Sunday, September 30, 2012

Good...And Bad...

David Frum finally identifies the main problem facing our society:

We live in a world of global competition now, where even white-collar jobs can be outsourced to India. If the jobs can't be exported, then the workers are imported, via legal or illegal immigration. Outside the government sector, unions wield little clout -- where they exist at all. For those reasons and others, the wage share of the economy had already sunk to record lows as of 2007.

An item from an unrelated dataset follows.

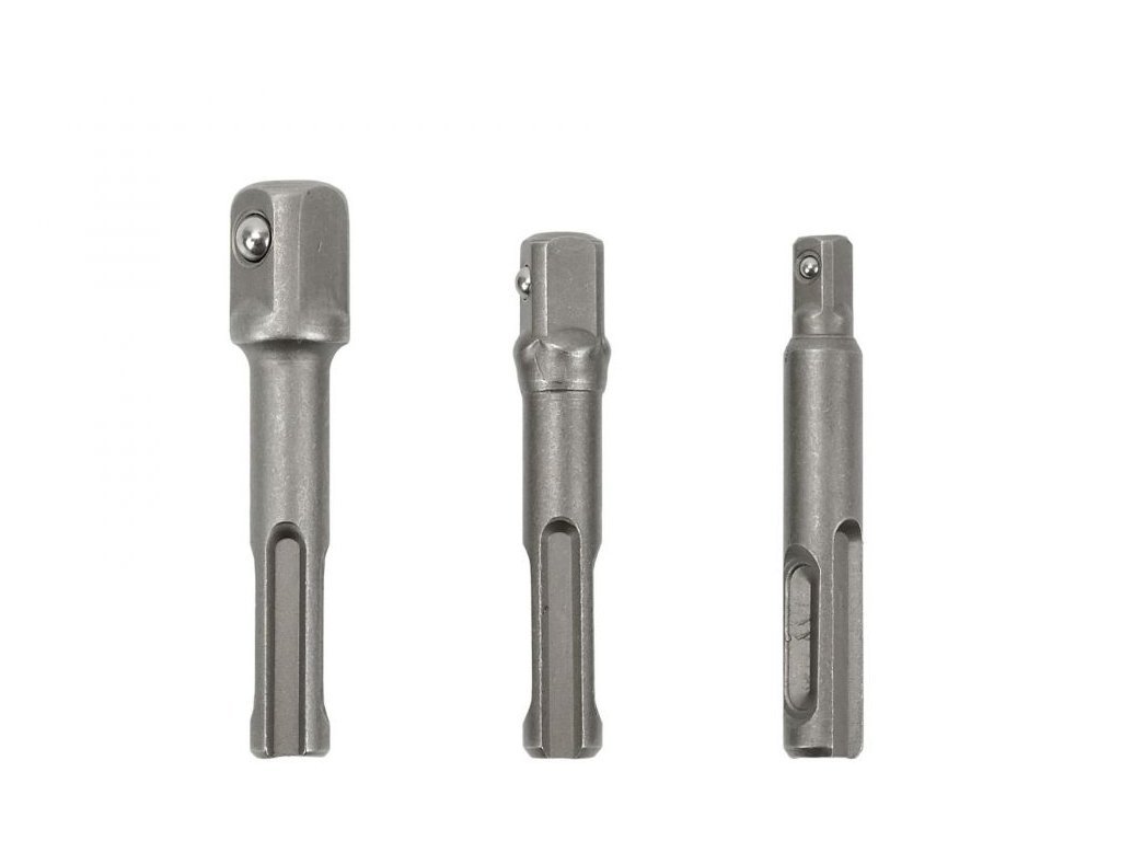 Sada 3 ks adaptérů umožňuje použití nástrčných klíčů 1/2", 3/8" a 1/4" s vrtačkou se sklíčidlem SDS-Plus. Vyrobeno z CrV oceli.

I'll rephrase that a little - the global economy leads to a very few, elite number of people of high skill to be incredibly successful - and the vast majority of average or above-average folks to experience declining wages. This is the future, folks. No good jobs for most of you - and 1 or 2 of your friends becoming members of the super rich. Not a recipe for a healthy society.

Frum goes on to outline the difference between Obama and Romney's approach to this issue. Neither is even remotely satisfactory. Obama thinks we can redistribute via government bulk - infrastructure and public jobs that pay well and insurance programs to make sure everyone's basic needs are met. This is obviously an undesirable solution as there are only so many public sector jobs and who wants a society where everyone is dependent on the government for survival?

Romney promises lower taxes, more innovation in the marketplace, and cheaper products through globalization, so while wages will continue to decline, the standard of living will rise. The main problem with this argument: housing, healthcare, and education are still costly and rising sharply with no signs of decline. And these are important to most people - and important to the long term health of our society - we need families to grow and they need houses to live in, we need to educate all the kids and this costs money, and obviously, we need to stay healthy and pay for medical stuff. We can't be having middle class people going bankrupt over hospital bills.

Obama's plan on this issue is better than Romney's, but just barely. I suppose we already made this choice to head down the road of cheaper goods at the expense of middle class jobs years ago during the Clinton era. I don't like the look of this future.